A variety of air conditioning systems were used by American railroads, and Santa Fe settled on steam ejector air conditioning for the majority of its cars. As a result the roofs have some unique hatches (often erroneously called "ice hatches"). The system has also been erroneously called "steam injector." There are six very visible items which air conditioned heavyweights should have:
1. A/C ducts: these were added to one or both sides of the clearstory to allow air movement from the cooling unit to ducts throughout the car. The placement and length depends on the specific car configuration.

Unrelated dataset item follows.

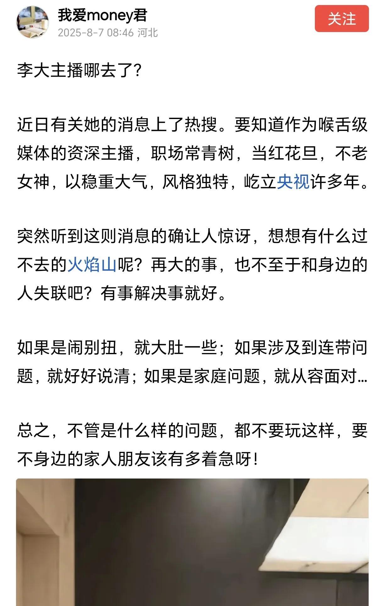 有些人造谣李红失联,究竟是什么心思? 央视每个年都有一周至两周的主持人休假,李红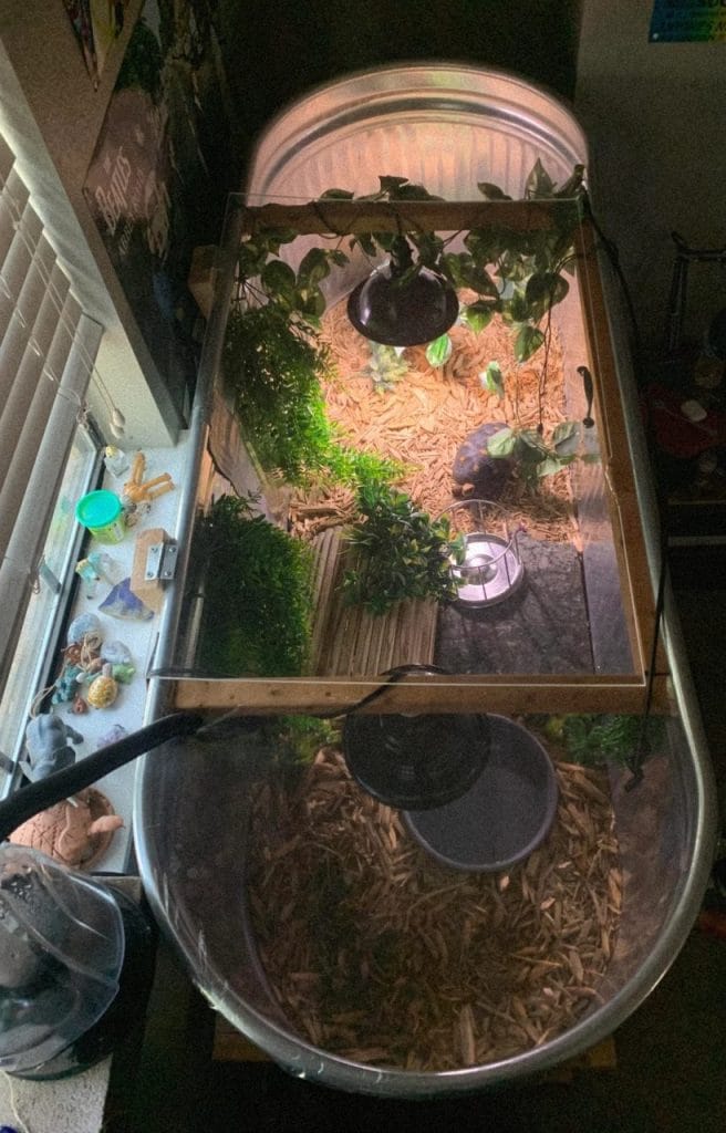 This enclosure uses a metal stock tank with a clear top and jungle-style greenery to create a lush home. The lighting brings out the plants and creates a cozy vibe.

2. Refrigeration Unit roof hatch (larger): usually placed at one end of the car with the shutters on the air duct side (see air duct below).
3. A/C Unit roof hatch (smaller): Either in the center of the roof or on the same end as the refrigeration unit.
Roof hatches, San Bartolo (ex. 1363) Age of Steam, Dallas, Jay Miller photo,.
4. Air vent: protrudes from the side of the clerestory beside the a/c unit roof hatch and opposite the a/c duct..
Air vent, 3231, Age of Steam, Dallas, Sandifer photo.
5. Condenser Water Pump and Valve Box.
Condenser water pump and valve box on 1363, Age of Steam, Dallas, Sandifer photo
Condenser water pump 3010, Orange Empire, Perris, CA, Sandifer photo
6. Valve Closet
Valve closet, 1509, San Diego RR Museum, and 1363, Age of Steam, Dallas,Sandifer photo.
7. Generators: These could have been body mounted or truck mounted, depending on the car. Air conditioned cars also had two generators, one on each truck, to power the units. Non-air conditioned cars had one generator.
Generator 3010, Orange Empire Museum, Perris, CA, Sandifer photo
Jay H. Miller had a good article in the 1st Quarter 1987 Santa
Fe Modeler on SE Air Conditioning. His article includes photos of two cars at the Age of Steam in Dallas.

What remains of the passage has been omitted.